The water and ethanol permeance data of Figure 3 and Figure 4 were fitted using a power function, and the following correlations were developed:

$$Q_{\mathrm{Water}} (\mathrm{kmol} {\mathrm{h}}^{-1} {\mathrm{m}}^{-2} {\mathrm{kPa}}^{-1})=0.0017{x_{Fe}}^{-1.73}$$

(9)

$$Q_{\mathrm{Ethanol}} (\mathrm{kmol} {\mathrm{h}}^{-1} {\mathrm{m}}^{-2} {\mathrm{kPa}}^{-1})=3\times {10}^{-6}{x_{Fe}}^{-3.25}$$

(10)

$${\displaystyle \frac{Q_{Water}}{Q_{Ethanol}}}=567x^{1.52}$$

(11)

where $x_{Fe}$ is the mole fraction of ethanol in the feed. The fitting accuracy was 96% based on the R-squared model. The above permeance data were entered in the spreadsheet, and seven simulation cases were run at different ethanol feed concentrations ranging from 93 to 98 wt%. The results are shown in Figure 7, and the predicted data differ by 4.6% from the simulation, which is acceptable. The error could be related to the accuracy of the developed permeance power functions (Equations (9) and (10)). Moreover, the use of the logarithmic-mean pressure difference (Equation (4)) also introduced an error.

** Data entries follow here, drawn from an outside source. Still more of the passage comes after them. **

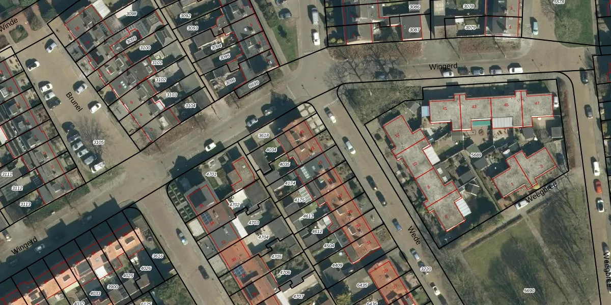 Het perceel waarop Wede 43 staat heeft een oppervlakte van 157 m². Dit is een middelgroot perceel. De perceeloppervlakte wordt geregistreerd door het Kadaster. Gedetailleerde informatie over de maten van dit perceel kunt u vinden in het rapport Kadastrale kaart met maatvoering van Wede 43.
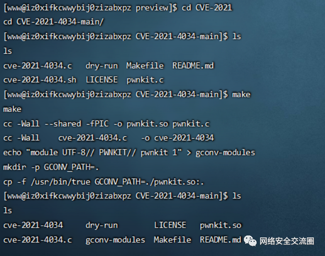 反弹shell,然后进入exp文件夹编译运行即可获取到root权限。
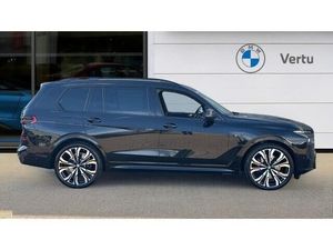 Command attention and experience the pinnacle of luxury and performance with the 2022 BMW X7 xDrive40d MHT M Sport 5dr Step Auto, now available to test drive at Vertu BMW Teesside. Finished in elegant Black Sapphire Metallic and paired with bold 23 alloy wheels, this X7 makes a statement on every road. This model features the sought-after Comfort Package and an impressive selection of extras, including the Ultimate Package and M Sport Pro Package, combining luxury, innovation and performance. With a 6-seat configuration, this X7 offers premium comfort for every passenger, enhanced by M Electric Front Sport Seats, front massage and ventilated seats, and a Heat Comfort System. Front and rear heated seats, ambient lighting, Ambient Air fragrance system, and soft-close doors elevate the cabin experience even further. The Sky Lounge Panoramic Glass Sunroof, Crafted Clarity interior controls, and Iconic Glow Kidney Grille add distinctive touches of sophistication, while M Carbon side mirrors and M Sport styling enhance its commanding presence. Enjoy the power of the M Sport exhaust system and precision handling with Integral Active Steering and Executive Drive Suspension, supported by BMWs Mild Hybrid Technology for improved efficiency and performance. Cutting-edge technology comes as standard with features such as Driving Assistant Professional, Parking Assistant Professional, Gesture Control, and Live Cockpit Professional. Entertainment is delivered through the immersive Bowers & Wilkins sound system, while convenience features like Comfort Access, rear side window blinds, and heated/cooled cupholders ensure no detail is overlooked. At Vertu BMW Teesside, our expert team is on hand to offer a seamless car-buying experience from start to finish. We'll begin with a personalised video presentation, tailored to showcase the features most important to you. As an Approved Used BMW, this X7 comes with a full BMW service history and benefits from 12 months warranty, 12 months roadside assistance, and 12 months MOT, along with a thorough inspection by our BMW-trained
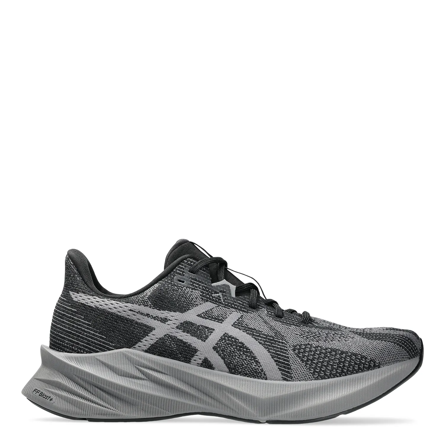 Zapatillas de running ASICS en tonos gris oscuro y claro, diseñadas para ofrecer amortiguación y soporte. Ideales para entrenamientos diarios y carreras, combinan estilo y funcionalidad para un rendimiento óptimo.

To reduce the calculated error, it is suggested that a correction factor be used by multiplying the estimated water content data by a decimal number. It was found that using a correction factor of 0.954 reduced the error significantly from 4.6 to 0.7% as shown in Figure 8. At this stage, it is concluded that the UniSIM^® simulation results are reliable for modeling a commercial pervaporation unit for ethanol–water separation. Nevertheless, the developed correction factor can only be used for ethanol feed ranging from 93 to 98 wt% within the same operating temperature and pressure.

4. Conclusions

Pervaporation membranes can produce high-quality ethanol, whereas the distillation is limited by the azeotrope. The membranes were simulated in the literature, but the reliability of the predicted data is hardly discussed. This work simulated a commercial pervaporation unit in UniSIM^® to purify ethanol from water after the azeotrope point. The model was not readily available in UniSIM^®, but it was manually constructed using a component splitter, a spreadsheet, and adjustment functions. The model was solved numerically, and the results show that the simulation calculations differ by an acceptable error of 4.6% from pilot-plant data. The error was further reduced to 0.7% by using a correction factor. This study confirmed that the current simulation model is reliable for estimating the performance of the pervaporation membrane for ethanol purification.